## Dataset excerpt
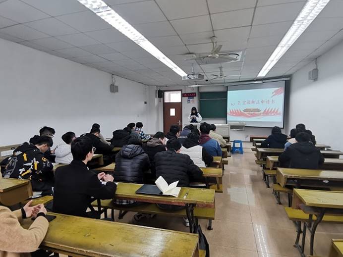 会议第二项,预备党员宣读转正申请书,刘哲、董思辰、杨晨昊和曾湄四位同志就近一年来在预备期间的基本情况作详细汇报。
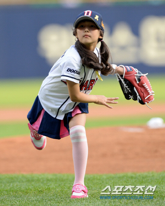 화리 양은 깜찍한 외모와 멋진 투구폼으로 공을 던지며 야구장을 찾은 팬들을 미소 짓게 했다. 아빠 홍성흔 역시 함박웃음을 지었다.
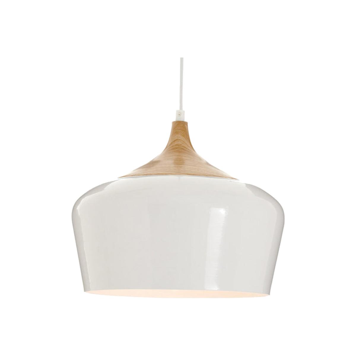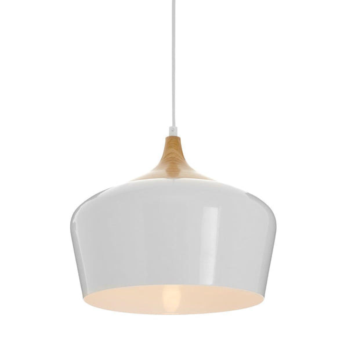 I love this pendant light for its clean, contemporary look that lends itself well to a variety of interiors. The combination of natural wood and sleek white creates a versatile aesthetic, making it ideal for modern, minimalist, or Scandinavian-style spaces. It works particularly well in kitchens or dining areas where you want to introduce a subtle, warm focal point. Practical styling tips include hanging it at a height that provides adequate task lighting while maintaining clear sightlines, and pairing it with matte or textured finishes nearby to add visual interest without overpowering, ensuring it remains a understated yet stylish feature in your room.

## Task directions
Write the listing out again in full and unchanged, minus any pictures.

## Solution for this problem
 会议第二项,预备党员宣读转正申请书,刘哲、董思辰、杨晨昊和曾湄四位同志就近一年来在预备期间的基本情况作详细汇报。
 화리 양은 깜찍한 외모와 멋진 투구폼으로 공을 던지며 야구장을 찾은 팬들을 미소 짓게 했다. 아빠 홍성흔 역시 함박웃음을 지었다.
 I love this pendant light for its clean, contemporary look that lends itself well to a variety of interiors. The combination of natural wood and sleek white creates a versatile aesthetic, making it ideal for modern, minimalist, or Scandinavian-style spaces. It works particularly well in kitchens or dining areas where you want to introduce a subtle, warm focal point. Practical styling tips include hanging it at a height that provides adequate task lighting while maintaining clear sightlines, and pairing it with matte or textured finishes nearby to add visual interest without overpowering, ensuring it remains a understated yet stylish feature in your room.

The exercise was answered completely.